(Dataset items)

* * * * * * *

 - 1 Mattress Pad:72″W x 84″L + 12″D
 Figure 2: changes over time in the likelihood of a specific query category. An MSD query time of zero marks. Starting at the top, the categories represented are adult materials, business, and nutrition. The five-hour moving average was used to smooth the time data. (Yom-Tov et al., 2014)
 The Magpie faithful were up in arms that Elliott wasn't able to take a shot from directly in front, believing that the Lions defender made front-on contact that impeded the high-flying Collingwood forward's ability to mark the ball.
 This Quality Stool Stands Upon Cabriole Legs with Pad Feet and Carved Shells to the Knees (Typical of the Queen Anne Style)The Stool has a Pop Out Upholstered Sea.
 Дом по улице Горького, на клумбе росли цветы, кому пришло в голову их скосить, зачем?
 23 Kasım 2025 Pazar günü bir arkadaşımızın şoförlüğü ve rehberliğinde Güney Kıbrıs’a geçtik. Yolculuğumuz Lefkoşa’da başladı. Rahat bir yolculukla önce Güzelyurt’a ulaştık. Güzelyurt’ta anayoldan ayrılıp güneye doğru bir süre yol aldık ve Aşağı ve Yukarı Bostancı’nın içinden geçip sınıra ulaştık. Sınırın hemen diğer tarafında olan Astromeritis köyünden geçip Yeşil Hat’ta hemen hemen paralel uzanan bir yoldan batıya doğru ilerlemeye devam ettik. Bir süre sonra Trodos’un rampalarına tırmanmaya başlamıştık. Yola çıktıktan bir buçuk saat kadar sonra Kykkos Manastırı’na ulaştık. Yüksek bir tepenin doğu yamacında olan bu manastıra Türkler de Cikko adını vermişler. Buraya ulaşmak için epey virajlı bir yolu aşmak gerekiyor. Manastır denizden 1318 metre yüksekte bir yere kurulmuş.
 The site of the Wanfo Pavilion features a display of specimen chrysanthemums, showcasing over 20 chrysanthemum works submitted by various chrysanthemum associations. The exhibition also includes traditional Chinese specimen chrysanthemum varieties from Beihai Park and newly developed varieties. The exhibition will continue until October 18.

* * * * * * *

Please restate only the opening stretch of the records above: every line from the first through the one containing "Figure 2: changes", exactly as written.

 - 1 Mattress Pad:72″W x 84″L + 12″D
 Figure 2: changes over time in the likelihood of a specific query category. An MSD query time of zero marks. Starting at the top, the categories represented are adult materials, business, and nutrition. The five-hour moving average was used to smooth the time data. (Yom-Tov et al., 2014)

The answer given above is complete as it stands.